At December 31, 2020, cash and cash equivalents were $103.2 million, Total Kennametal Shareholders' equity was $1,279.2 million and total debt was $628.7 million. Our current senior credit ratings are at investment grade levels. We believe that our current financial position, liquidity and credit ratings provide us access to the capital markets. We believe that we have sufficient resources available to meet cash requirements for the next 12 months.
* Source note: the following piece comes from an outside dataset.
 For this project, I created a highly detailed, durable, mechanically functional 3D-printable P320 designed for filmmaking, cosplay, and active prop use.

We continue to closely monitor our liquidity position and the condition of the capital markets, as well as the counterparty risk of our credit providers. There have been no material changes in our contractual obligations and commitments since June 30, 2020.
We are also closely monitoring the rapidly evolving effects of the COVID-19 pandemic on our business operations, financial results and financial position and on the industries in which we operate.
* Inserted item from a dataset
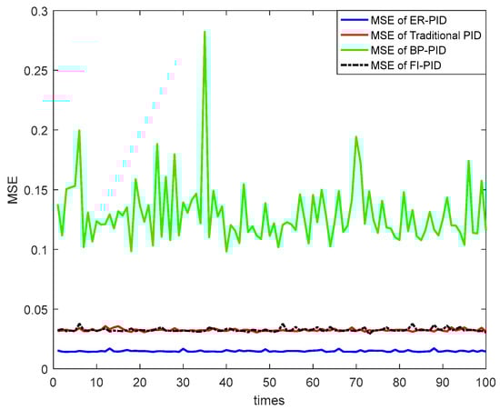 We performed 100 such experiments, where the values of A and w are randomly generated. Table 15 and Figure 14 show the mean value of the tracking MSE and the tracking MSE for the five methods in 100 experiments. It can be seen from Figure 10 that the tracking MSEs of the ER-PID method, traditional-PID method, and FI-PID method were relatively stable in the 100 random perturbation experiments, but the MSE of the BP-PID method had large fluctuations and poor stability.

Cash Flow Provided by Operating Activities
During the six months ended December 31, 2020, cash flow provided by operating activities was $67.4 million, compared to $87.1 million for the prior year period. Cash flow provided by operating activities for the current year period consisted of net income and non-cash items amounting to an inflow of $80.0 million and changes in certain assets and liabilities netting to an outflow of $12.7 million. Contributing to the changes in certain assets and liabilities were a decrease in accrued income taxes of $24.5 million, an increase in accounts receivable of $22.5 million and a decrease in accrued pension and postretirement benefits of $13.4 million. Partially offsetting these cash outflows was a decrease in inventories of $46.7 million.
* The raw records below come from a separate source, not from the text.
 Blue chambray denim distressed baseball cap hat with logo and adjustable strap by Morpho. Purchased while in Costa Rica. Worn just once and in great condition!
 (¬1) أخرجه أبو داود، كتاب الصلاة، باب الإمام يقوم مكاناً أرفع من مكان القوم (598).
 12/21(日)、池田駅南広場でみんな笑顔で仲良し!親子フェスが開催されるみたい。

During the six months ended December 31, 2019, cash flow provided by operating activities consisted of net income and non-cash items amounting to an inflow of $86.8 million and changes in certain assets and liabilities netting to an inflow of $0.3 million. Contributing to the changes in certain assets and liabilities were a decrease in accounts receivable of $64.5 million and a decrease in inventories of $34.3 million. Partially offsetting these cash inflows were changes in accrued income taxes of $53.0 million, a decrease in accounts payable and accrued liabilities of $28.5 million and a decrease in accrued pension and postretirement benefits of $12.1 million.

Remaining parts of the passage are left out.